Aim of the task. With the images removed, repeat the data below exactly.

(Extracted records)
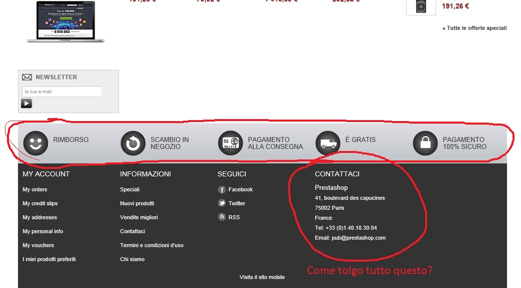 manpros86 Posted September 18, 2012 Share Posted September 18, 2012 (edited) Salve, ho scaricato 2 giorni fa prestashop e sto utilizzando il tema base per prodotti high tech. Non riesco a togliere le scritte in fondo a destra. CONTATTACI Prestashop 41, boulevard des capucines75002 ParisFrance Tel: +33 (0)1.40.18.30.04 Email: [email protected] Come posso fare? sto uscendo matto Allego la foto cosi si capisce meglio...vorrei togliere anche il rettangolo sopra con le icone Rimborso Scambio in negozio Pagamento alla consegna. È gratis Pagamento 100% sicuro grazie in anticipo Edited September 18, 2012 by manpros86 (see edit history) Link to comment Share on other sites More sharing options...
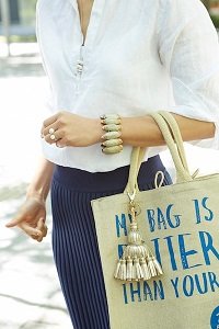 半そでやノースリーブの季節、腕まわりのおしゃれも楽しみがいがあるというもの。オーストラリアで購入した大ぶりの貝がらブレスレットで、存在感を出しました。オーストラリアのスーパーの麻素材のエコバッグには「アニヤハインドマーチ」のタッセルキーホルダーをつけて、エコバッグがグンと格上げ!(38歳、パーソナルスタイリスト、8歳の男の子のママ)
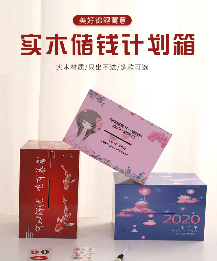 今日推荐:365天存钱计划箱抖音同款存钱罐只进不出储钱罐可爱儿童储蓄罐,美好锦鲤寓意,美好锦鲤寓意,实木材质/只出不进/多款可选
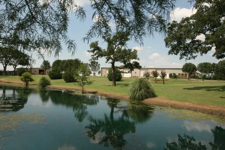 With a 4.25 acre park-like setting, 10630 Bobbi Lane in Pilot Point features a 6,500 square foot metal building, spacious living quarters, a horse barn, green house and a pond.
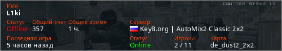 Играет на Counter Strike 1.6 сервере. Страна: РоссияПервый раз замечен 19:28 07.03.2026
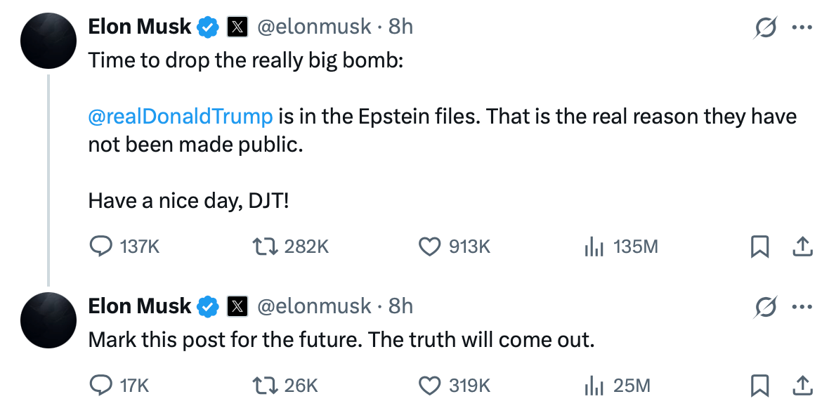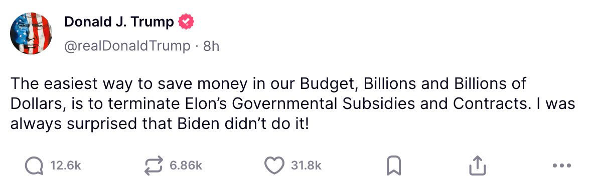 - Afternoon Escalation: Trump posts on Truth Social, "I asked him to leave... he just went crazy!" He then makes a massive threat: "The easiest way to save billions of dollars in our budget is to terminate Elon's government subsidies and contracts."
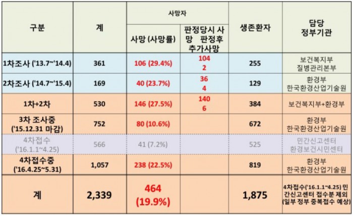 이로써 지금까지 접수된 전체 피해자 수는 총 2339명(사망자 464명, 생존환자 1875명)이다. 피해신고자의 19.9%가 사망자로 신고자 10명 중 2명이 목숨을 잃은 셈이다.

Answer section.
 manpros86 Posted September 18, 2012 Share Posted September 18, 2012 (edited) Salve, ho scaricato 2 giorni fa prestashop e sto utilizzando il tema base per prodotti high tech. Non riesco a togliere le scritte in fondo a destra. CONTATTACI Prestashop 41, boulevard des capucines75002 ParisFrance Tel: +33 (0)1.40.18.30.04 Email: [email protected] Come posso fare? sto uscendo matto Allego la foto cosi si capisce meglio...vorrei togliere anche il rettangolo sopra con le icone Rimborso Scambio in negozio Pagamento alla consegna. È gratis Pagamento 100% sicuro grazie in anticipo Edited September 18, 2012 by manpros86 (see edit history) Link to comment Share on other sites More sharing options...
 半そでやノースリーブの季節、腕まわりのおしゃれも楽しみがいがあるというもの。オーストラリアで購入した大ぶりの貝がらブレスレットで、存在感を出しました。オーストラリアのスーパーの麻素材のエコバッグには「アニヤハインドマーチ」のタッセルキーホルダーをつけて、エコバッグがグンと格上げ!(38歳、パーソナルスタイリスト、8歳の男の子のママ)
 今日推荐:365天存钱计划箱抖音同款存钱罐只进不出储钱罐可爱儿童储蓄罐,美好锦鲤寓意,美好锦鲤寓意,实木材质/只出不进/多款可选
 With a 4.25 acre park-like setting, 10630 Bobbi Lane in Pilot Point features a 6,500 square foot metal building, spacious living quarters, a horse barn, green house and a pond.
 Играет на Counter Strike 1.6 сервере. Страна: РоссияПервый раз замечен 19:28 07.03.2026
 - Afternoon Escalation: Trump posts on Truth Social, "I asked him to leave... he just went crazy!" He then makes a massive threat: "The easiest way to save billions of dollars in our budget is to terminate Elon's government subsidies and contracts."
 이로써 지금까지 접수된 전체 피해자 수는 총 2339명(사망자 464명, 생존환자 1875명)이다. 피해신고자의 19.9%가 사망자로 신고자 10명 중 2명이 목숨을 잃은 셈이다.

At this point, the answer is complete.